YO U R I NVE STI N G
Going Up, Going Down Economist Cameron Bagrie takes a good, hard look at New Zealand and how we’re going as a nation.
Pop goes the balloon Success has now created a challenge: how to contain inflation. Throw together Covid, supply chain bottlenecks, money-printing, low interest rates and huge government stimulus, and something will pop.
Housing backs up House prices are down 4 per cent from their November 2021 peak and are likely to remain under continued pressure, given rises in interest rates and rising housing supply. Falling interest rates and looser monetary policy worked their magic lifting house prices. The effect cuts both ways. There are still pockets of resilience. Taranaki, Northland and Canterbury remain the better performers assessed by average across median sale price, days to sell, volumes, house price index, and sale to list price. Queenstown-Lakes district is another bucking the national trend.
Inflation is back, after being dormant for 30 years.
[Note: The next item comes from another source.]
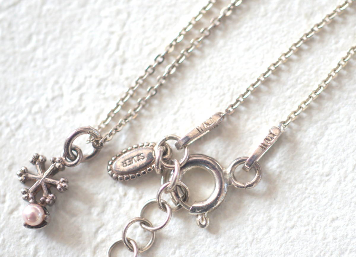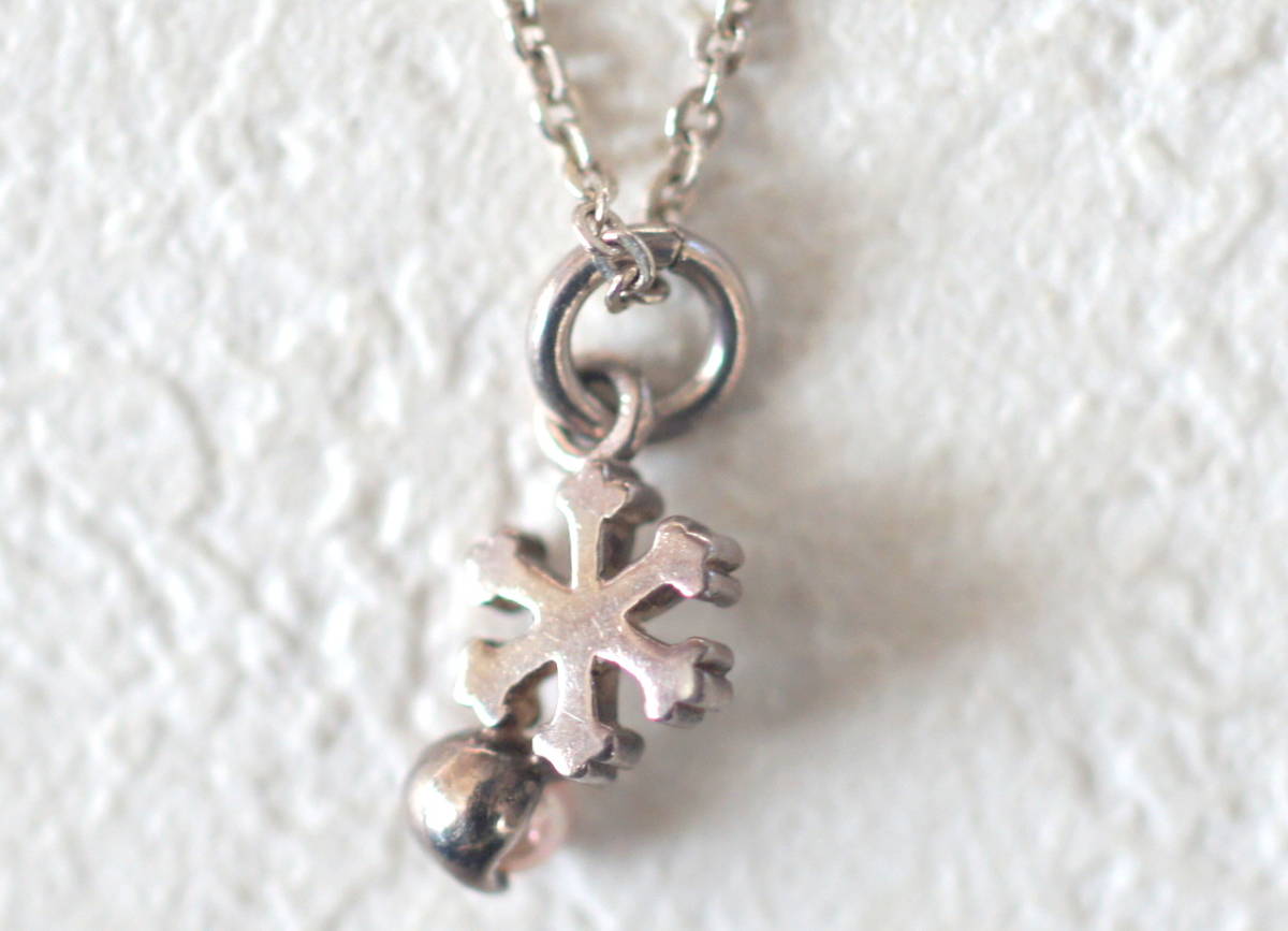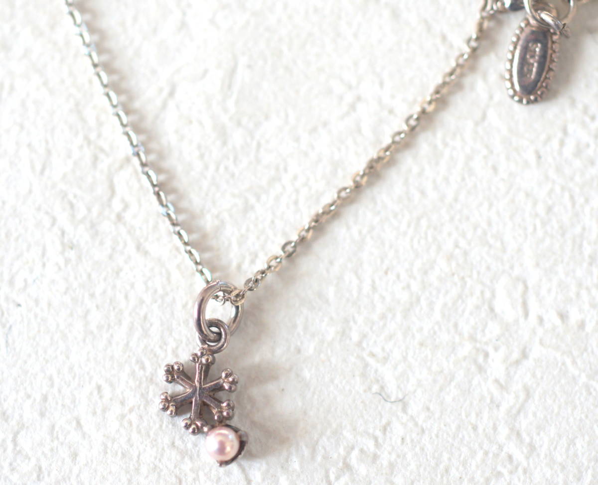シルバー925製 小さな雪の結晶と小さなパール付きネックレス

Close to a peak? Inflation has hit 6.9 per cent. Some are blaming offshore factors, but actually inflation is a combination of both offshore factors and an economy that is exceeding its available capacity to supply, which puts pressure on prices to rise. This is inflation that the Reserve Bank can and will influence, by lifting interest rates.
F-grade Headline inflation is high and two-year ahead inflation expectations sit at 3.3 per cent. That is a FAIL for the Reserve Bank, which has a 1 to 3 per cent policy band target. Having inflation outside the bank’s goal the odd year is OK, but not for this year and expectations of another two!